One of the measures most frequently adopted by courts is the requirement of a full and frank disclosure by the plaintiff. Failure on the part of the plaintiff to provide such a disclosure may deprive him of any advantage which he may have derived from the breach of this duty.
In the 1992 case of Universal Thermosensors Ltd. v. Hibben and Ors, the Chancery Division laid down the following safeguards or guidelines to be followed during the execution of an Anton Piller order:
1) Orders should be executed on working days during office hours, so as to ensure that the defendant has access to a solicitor.
2) Preparation of a detailed record of materials removed at the time of execution of the order.
3) The solicitor executing the order should be neutral and experienced.
4) The order should be carried out in the presence of the defendant or his representative.
5) Where the premises are likely to be occupied by an unaccompanied woman, if the supervising solicitor is a man, he has to be accompanied by a woman.
Further, in the 2006 case of Canadian Bearings Ltd. and Ors. v. Celanese Canada Inc. and Anr., the court also laid down the following additional safeguards:
1) The scope of an Anton Piller order should not be wider than what is necessary and material which is not spelled out in the order should not be removed.

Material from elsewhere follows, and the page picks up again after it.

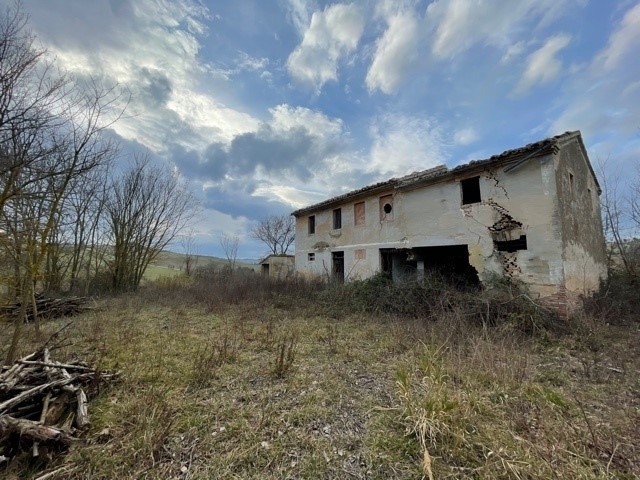 In Comune non lontano da Jesi ed in posizione riservata vendiamo soluzione singola da ristrutturare con 1000 mq di terreno circostante.

2) The number of persons who are to execute the search should be limited and their names should be specified in the order.
3) The order should state explicitly that the defendant is entitled to return to court on short notice to discharge the order.
4) The order should contain a limited use clause namely, that the documents seized should only be used for the pending litigation.
5) A list of all evidence seized should be prepared and provided to the defendant for inspection and verification at the end of the search and before the removal of the evidence.
6) Where this is not practicable, documents seized should be placed in the custody of the independent supervising solicitor.
The court in this case also laid down that the onus to rebut the presumption of a risk of prejudice to the searched party was on the searching party and not the other way round. It is therefore very important for the lawyers executing an Anton Piller order to diligently follow the explicit terms of the order.